(Source data)
---+---

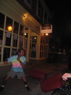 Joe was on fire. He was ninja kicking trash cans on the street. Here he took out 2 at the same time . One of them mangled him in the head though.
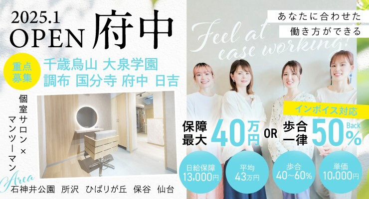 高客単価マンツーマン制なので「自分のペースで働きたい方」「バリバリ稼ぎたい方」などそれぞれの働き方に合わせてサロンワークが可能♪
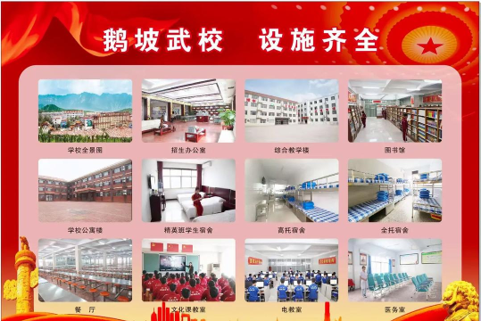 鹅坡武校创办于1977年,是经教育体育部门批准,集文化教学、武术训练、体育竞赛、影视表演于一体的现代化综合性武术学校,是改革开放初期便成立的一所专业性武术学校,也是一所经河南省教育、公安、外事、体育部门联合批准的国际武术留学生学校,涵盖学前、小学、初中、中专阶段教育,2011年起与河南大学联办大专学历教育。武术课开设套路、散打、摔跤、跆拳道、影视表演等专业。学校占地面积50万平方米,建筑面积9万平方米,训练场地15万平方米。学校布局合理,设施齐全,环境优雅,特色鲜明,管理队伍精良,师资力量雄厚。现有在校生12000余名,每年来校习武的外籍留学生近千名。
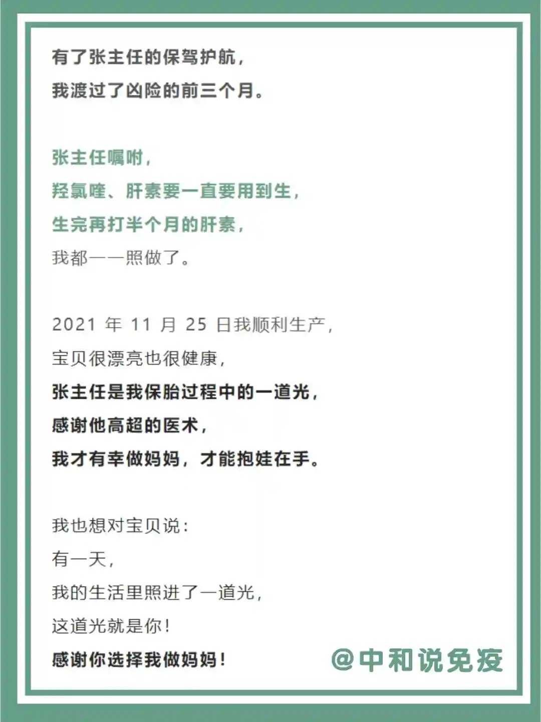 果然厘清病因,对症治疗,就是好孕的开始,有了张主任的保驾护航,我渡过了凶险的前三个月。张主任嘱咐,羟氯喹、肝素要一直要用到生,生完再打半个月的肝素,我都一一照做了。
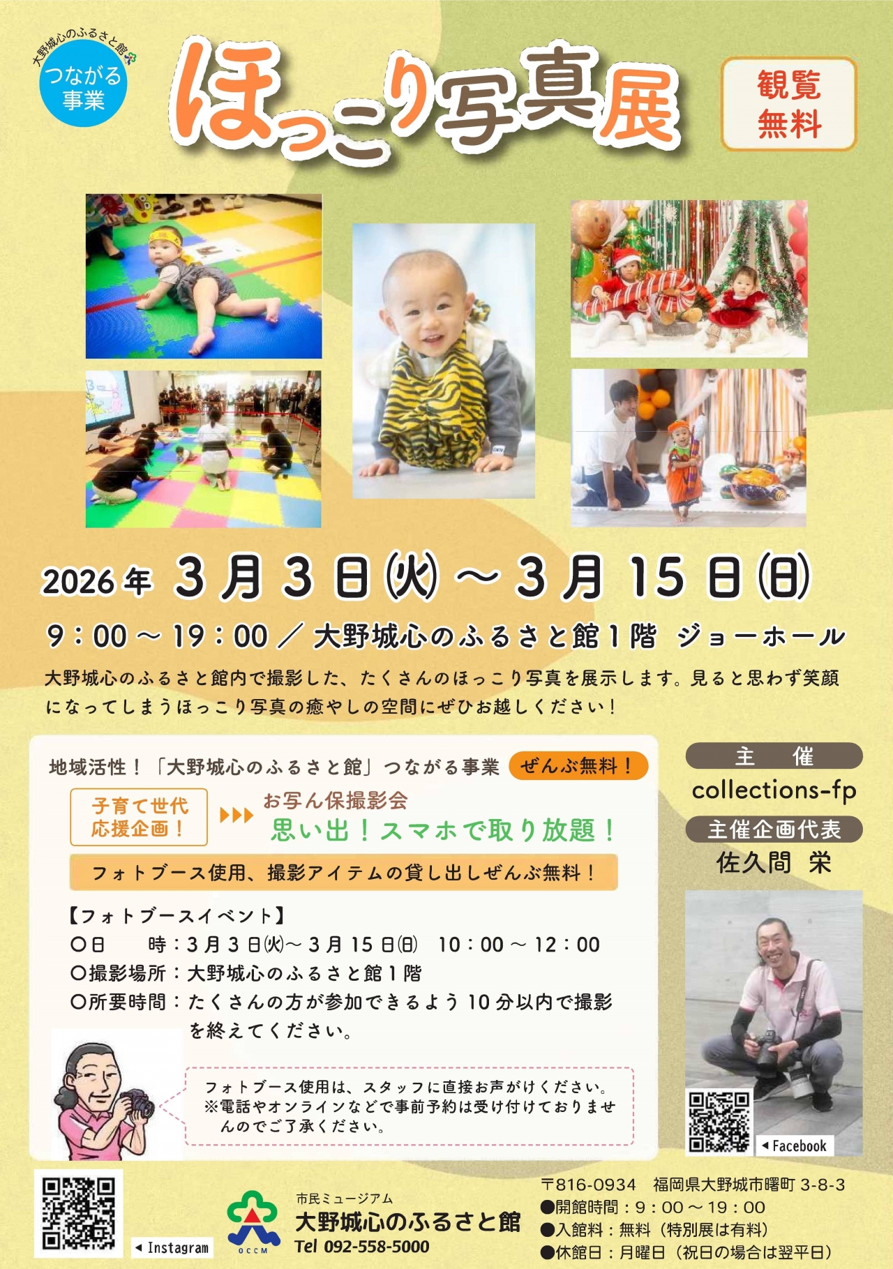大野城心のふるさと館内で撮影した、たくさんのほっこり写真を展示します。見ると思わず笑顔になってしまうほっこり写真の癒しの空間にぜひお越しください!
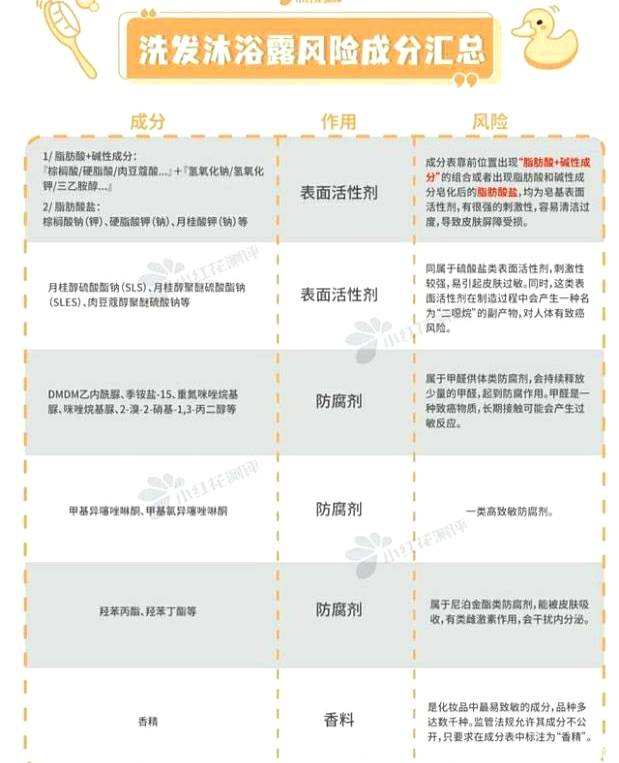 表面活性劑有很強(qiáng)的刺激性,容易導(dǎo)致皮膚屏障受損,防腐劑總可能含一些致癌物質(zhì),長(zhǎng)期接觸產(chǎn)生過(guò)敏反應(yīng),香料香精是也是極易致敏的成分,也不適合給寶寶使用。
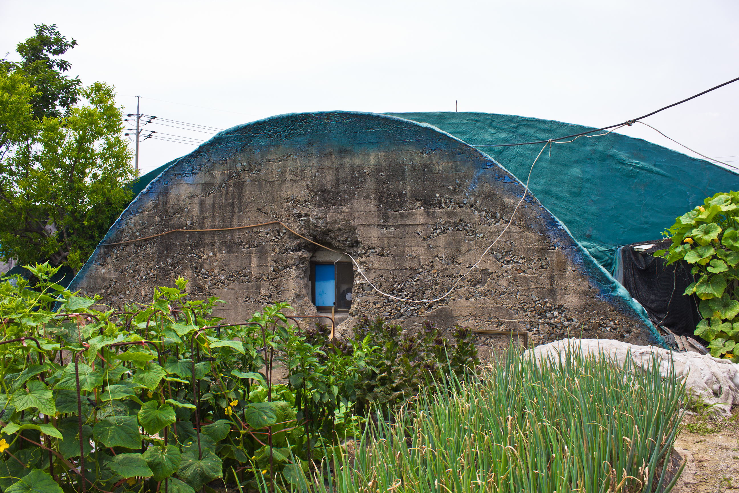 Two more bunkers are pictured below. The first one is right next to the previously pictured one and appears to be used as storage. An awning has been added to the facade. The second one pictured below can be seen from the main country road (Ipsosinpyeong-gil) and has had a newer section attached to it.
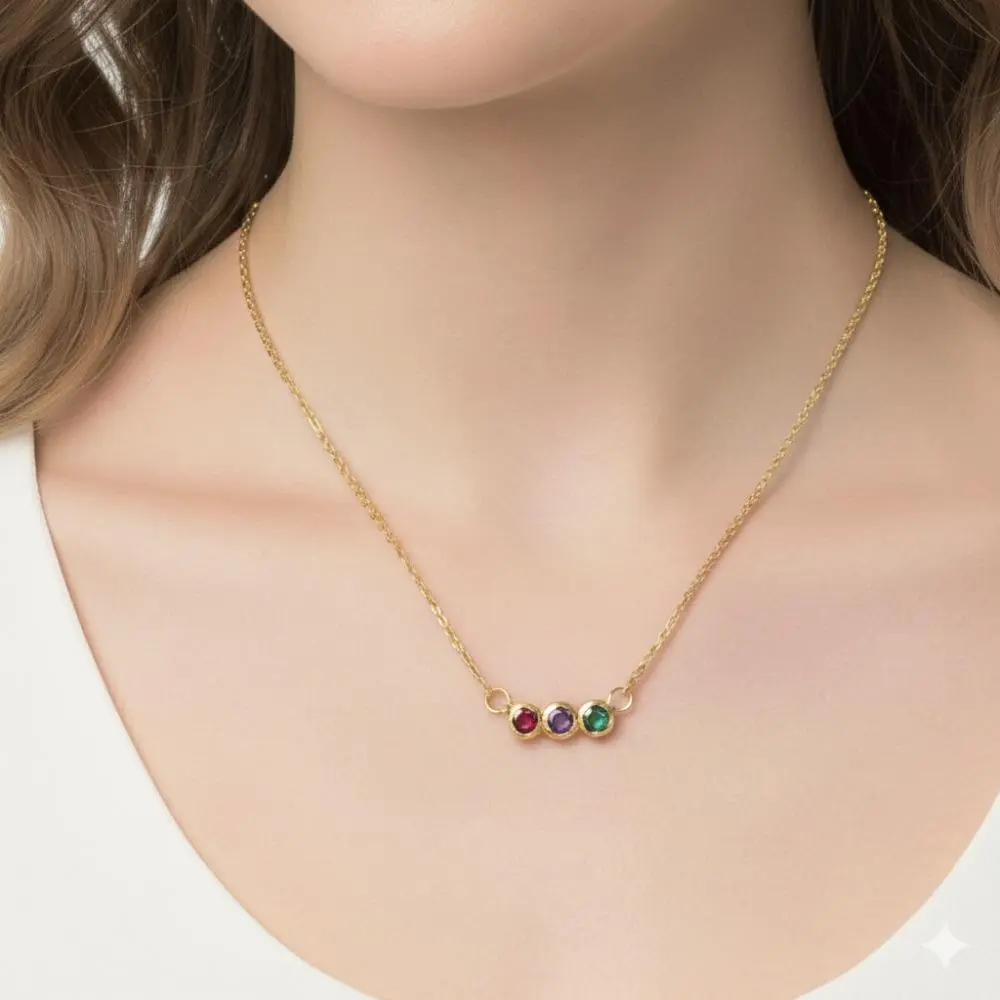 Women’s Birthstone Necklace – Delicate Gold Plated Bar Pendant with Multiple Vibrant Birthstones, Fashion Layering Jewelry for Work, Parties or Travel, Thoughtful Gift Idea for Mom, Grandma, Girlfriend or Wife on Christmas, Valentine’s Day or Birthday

---+---

Requirement: Set the lines above down again, word for word, from the first through the one containing "大野城心のふるさと館内で撮影"; pictures excluded.

Reply to the exercise:
 Joe was on fire. He was ninja kicking trash cans on the street. Here he took out 2 at the same time . One of them mangled him in the head though.
 高客単価マンツーマン制なので「自分のペースで働きたい方」「バリバリ稼ぎたい方」などそれぞれの働き方に合わせてサロンワークが可能♪
 鹅坡武校创办于1977年,是经教育体育部门批准,集文化教学、武术训练、体育竞赛、影视表演于一体的现代化综合性武术学校,是改革开放初期便成立的一所专业性武术学校,也是一所经河南省教育、公安、外事、体育部门联合批准的国际武术留学生学校,涵盖学前、小学、初中、中专阶段教育,2011年起与河南大学联办大专学历教育。武术课开设套路、散打、摔跤、跆拳道、影视表演等专业。学校占地面积50万平方米,建筑面积9万平方米,训练场地15万平方米。学校布局合理,设施齐全,环境优雅,特色鲜明,管理队伍精良,师资力量雄厚。现有在校生12000余名,每年来校习武的外籍留学生近千名。
 果然厘清病因,对症治疗,就是好孕的开始,有了张主任的保驾护航,我渡过了凶险的前三个月。张主任嘱咐,羟氯喹、肝素要一直要用到生,生完再打半个月的肝素,我都一一照做了。
大野城心のふるさと館内で撮影した、たくさんのほっこり写真を展示します。見ると思わず笑顔になってしまうほっこり写真の癒しの空間にぜひお越しください!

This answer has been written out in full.